Slowly the Hilton family’s financial health was restored. By 1912 Hilton became interested in politics, winning a position in the state legislature just when the New Mexico Territory was accepted into statehood. He introduced nine bills which became New Mexico law but on balance found politics confining and frustrating. He came back home after two years.

Hilton decided San Antonio needed a bank. He organized a syndicate to establish the town’s first bank but the shareholders rewarded him by electing an aged former banker from Illinois as president and made Conrad Hilton a cashier. He began maneuvering for control of the bank. It wasn’t much of a bank,
but he had started it.

Hilton wrested control of the bank from the board of directors but there wasn’t much time to savor the victory. He wore out hot, dusty Texas roads tracking down new depositors and then World War I shattered his plans for a garland of New Mexico banks. Hilton was off to France to serve in the Army.

In 1919, following the death of his father in an automobile accident, Hilton returned from the army. He left for Cisco, Texas looking to buy an interest in a bank. When the slow pace of negotiations forced him to stay overnight he found all the hotels in town overbooked. Instead of a bank Hilton wound up making a deal for a hotel, the 40-room Mobley Hotel.

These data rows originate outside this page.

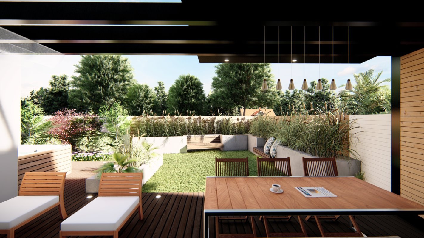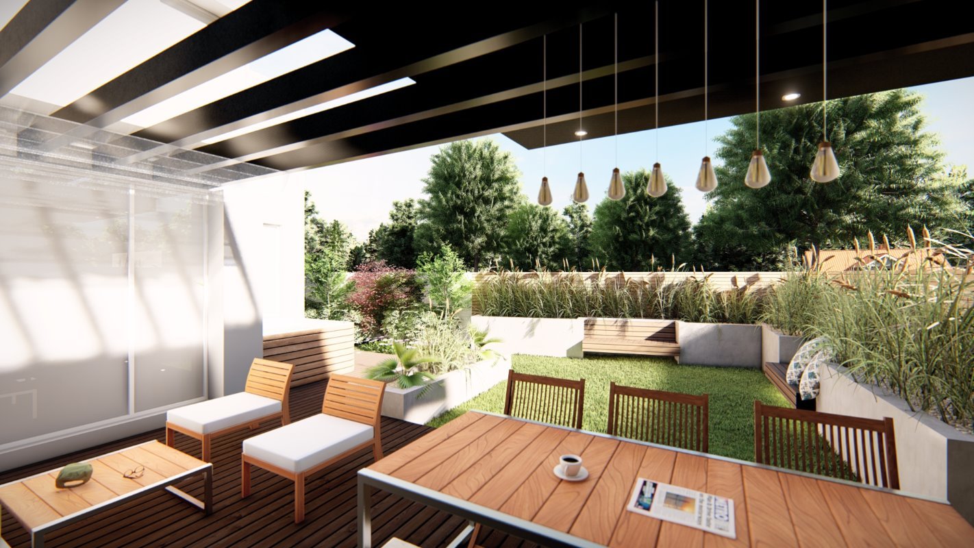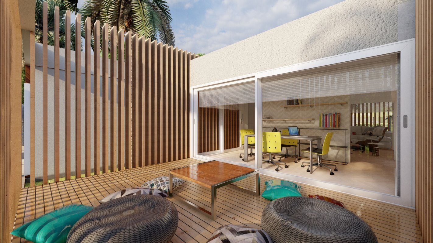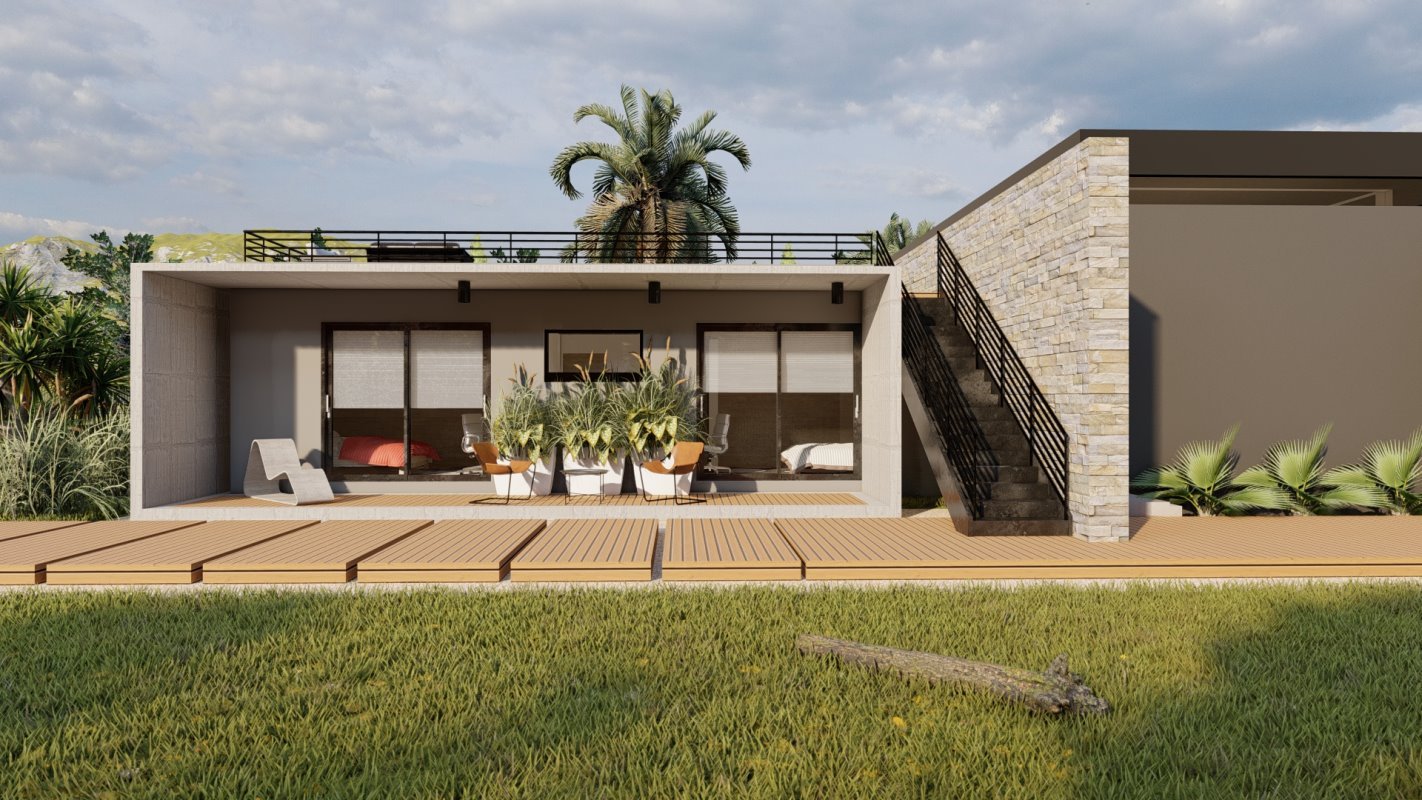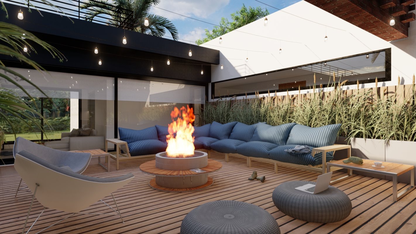 En la parte principal se diseña el quincho y la ubicación de comedor en madera rustica, este espacio conecta con una terraza semi cubierta que da espacio para el living exterior y zona de proyección exterior. Estas dos terrazas se conectan por medio de una fogón y matera perimetral para cubrir la pandereta de la casa. En una esquina se diseña el espacio para un jacuzzi exterior.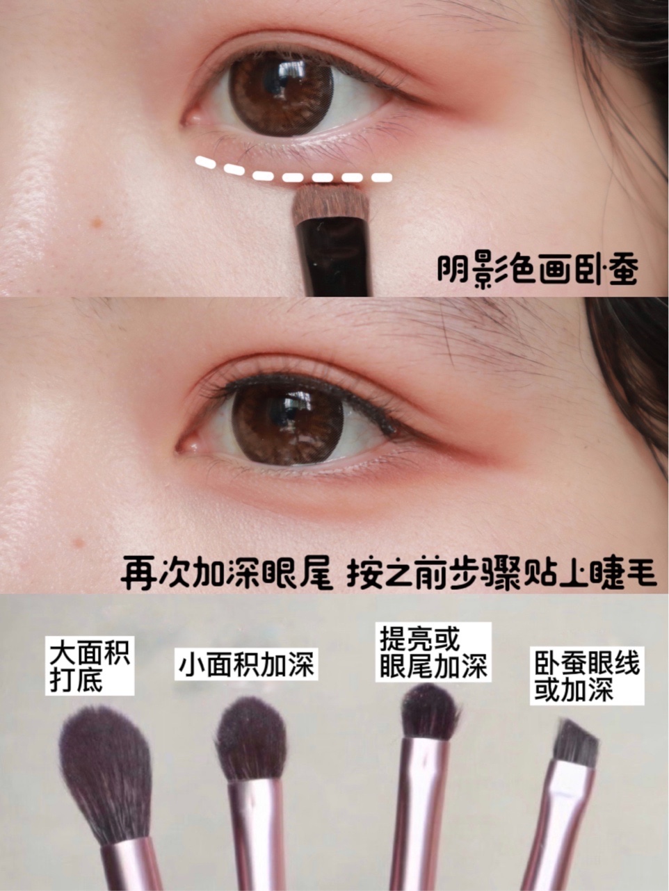 4⃣️浅色提亮卧蚕、烟头,再用小一点的刷子加深眼尾画眼线
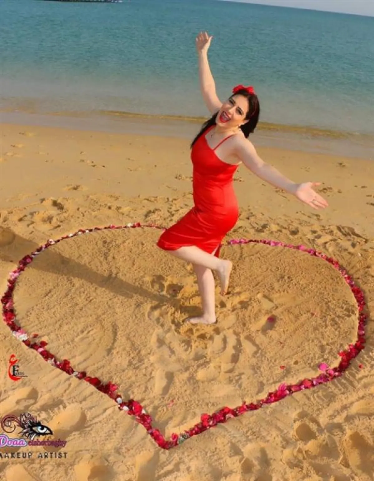 الفنانة ميرنا وليد الغائبة عن الأنظار منذ فترة طويلة، خضعت هي الأخرى لجلسة تصوير على البحر بفستان أحمر، احتفالًا بيوم الحب.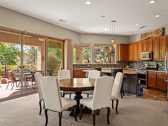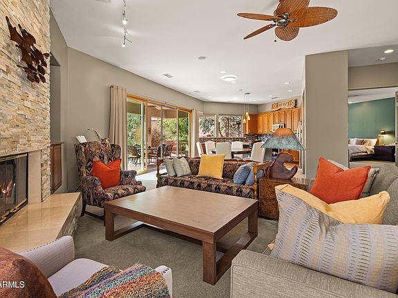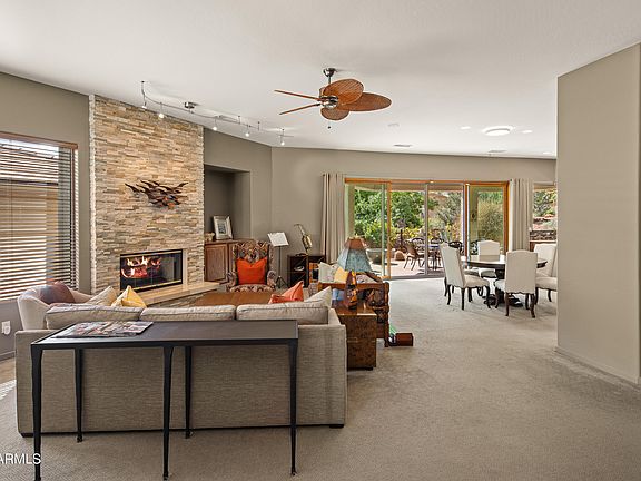 Meticulously maintained and move-in ready, this Sedona Golf Resort home offers an inviting flow with gentle distinctions between spaces, blending comfort and elegance. The open-concept great room features a warm stone fireplace and seamless access to the covered patio—perfect for morning coffee or tranquil evenings surrounded by easy-care desert landscaping. The kitchen shines with durable, stylish countertops, stainless steel appliances, and a custom backsplash. A spacious primary suite provides a large bath and walk-in closet, while the split floorplan ensures privacy for guests or a potential third bedroom/office. Nestled in a quiet cul-de-sac, this home captures the essence of Sedona living—whether you're a golfer or simply seeking serenity and connection to nature.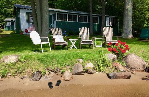 This private, lake front main house and separate guest cottage sits on one acre at the end of a private road. One of only a few properties with a private, walk-in sandy beach and western exposure, it's perfect for families who enjoy the afternoon sun. Dock has space for a 24' boat and is also a great place for early morning fishing. A hammock is strung between two trees and Adirondack chairs are on the lawn for kicking back. A Weber charcoal BBQ and a Weber gas grill are available for outdoor cooking, a picnic table near the water and a waterfront fireplace for late night campfires.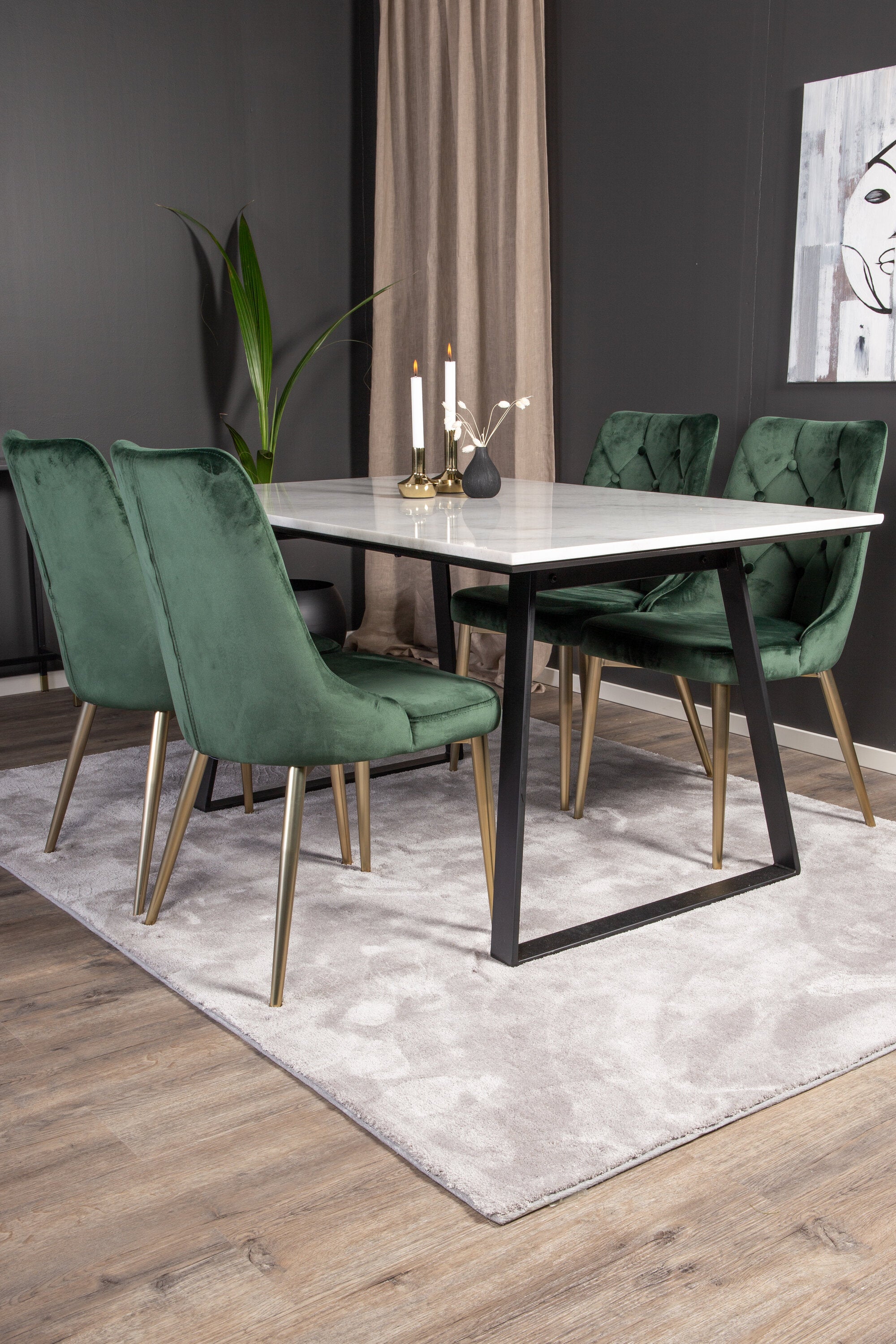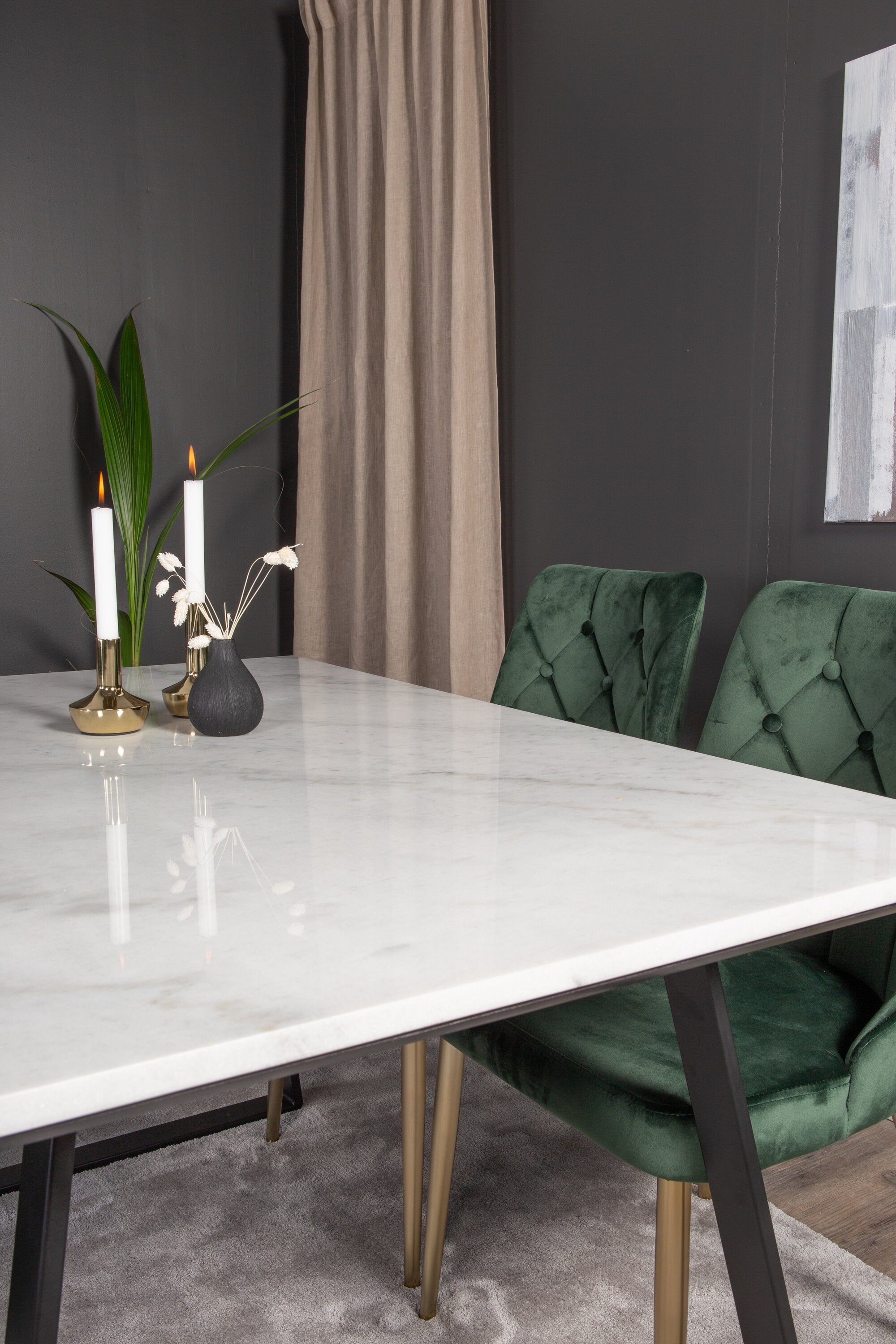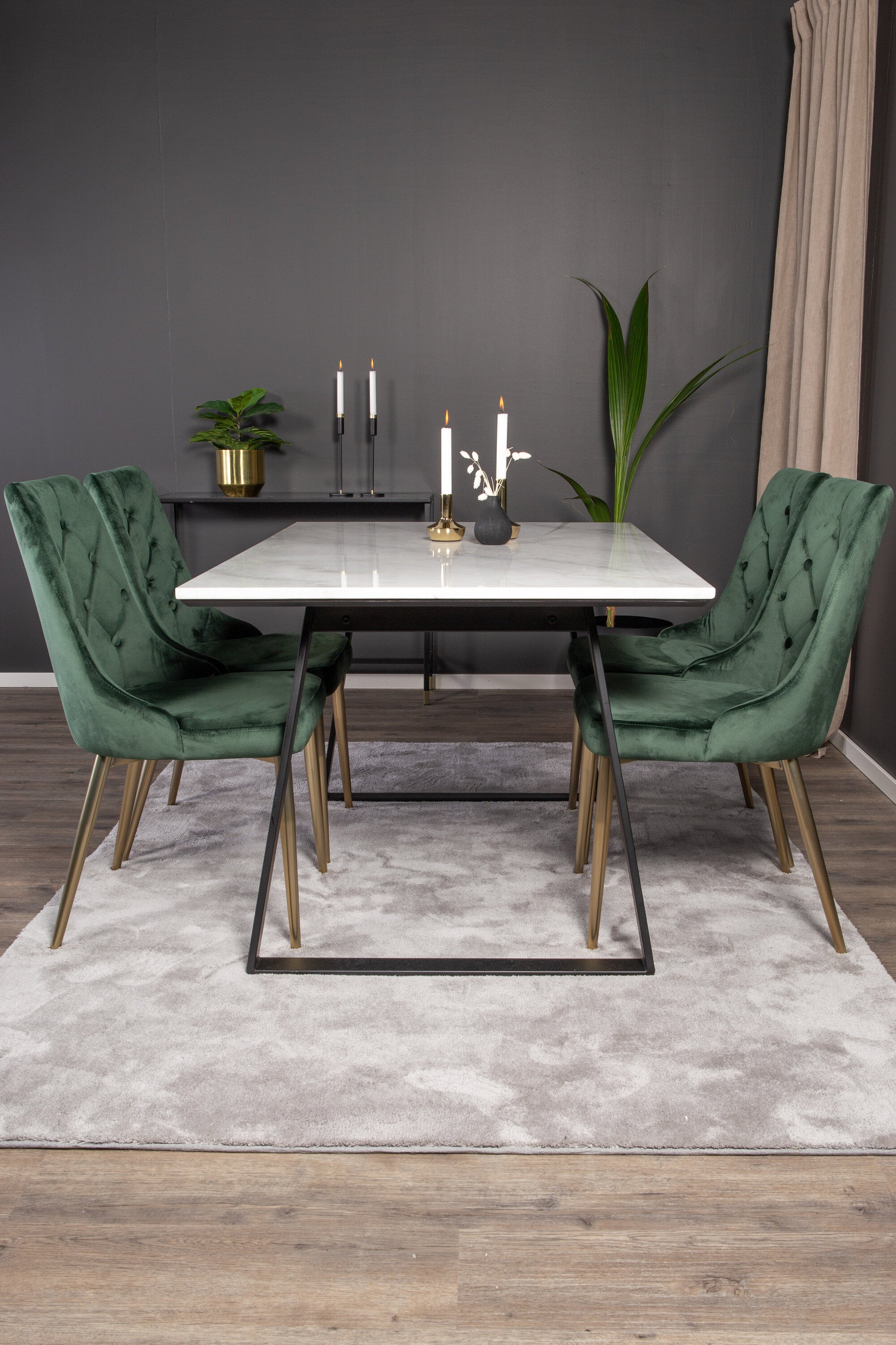 Elegantní mramorový jídelní stůl ze série Estelle se zde kombinuje s měkkými a pohodlnými židlemi ze série Velvet. Skupina potravin, která touží po domově!

It didn’t take Hilton long to become a hotel man. He surveyed every inch of The Mobley to eliminate non-revenue generating space. He sawed the front desk in half and added a shop; he ripped out the dining room a nd spaced it off into bedrooms; he rented his own bed and slept on a leather chair in his office.

A few months later he purchased the Melba in Fort Worth, and in 1920 he added the 140-room Waldorf in Dallas. In 1925 Hilton committed himself to building a million-dollar hotel in Dallas, the first hotel to carry his name.
When the Depression hit Hilton controlled eight hotels. It was too much.

In 1931 Hilton defaulted on a $300,000 loan. His creditors hired him to manage his lost hotels but it was a turbulent business marriage. Nine months
later the business arrangement disintegrated into legal matters. Hilton eventually emerged from the Depression with five of his eight hotels; by 1937 he was free of debt.

Hilton began in earnest to take advantage of depressed hotel properties.
In the next few years he took control of the Sir Francis Drake in San Francisco,
the Town House in Los Angeles, the Roosevelt and Plaza in New York and the Stevens and Palmer House in Chicago. In 1946 the Hilton Hotels Corporation was formed, the first hotel company to have its stock listed on the New York Stock Exchange.

Hilton cherished tradition. With each of these great houses he recognized an obligation to retain the atmosphere and individuality which gave it its prestige.
In 1949 he realized a life-long dream with the purchase of the Waldorf-Astoria in New York, America’s greatest hotel. In 1954 Hilton executed the largest hotel merger in history, purchasing the Statler hotel chain for $111,000,000.
Hilton clinched the deal by pleading with the widow Statler to keep the great
hotels in “the hands of hotel people.”

Hilton turned the presidency of Hilton Hotels over to his son, Barron, in 1966. The next year Barron Hilton persuaded his father to swap his Hilton International stock for TWA stock. The stock plummeted by half in the next 18 months and the 80-year old Hilton lost the rights to his name overseas.

Conrad Hilton became the world’s premier hotelier by acquiring America’s most prestigious hotels. Only a handful ever carried his name. He assiduously avoided resort hotels and eschewed gambling houses. But under his son the Hilton name was franchised and the Las Vegas Hilton and Flamingo Hilton were purchased. When Conrad Hilton died in 1979 at the age of 91 the hotel-casinos were responsible for nearly 40¢ of every $1.00 Hilton profit. The business he had built proudly on the grandest hotel rooms in the world was being supported by roulette wheels and blackjack tables.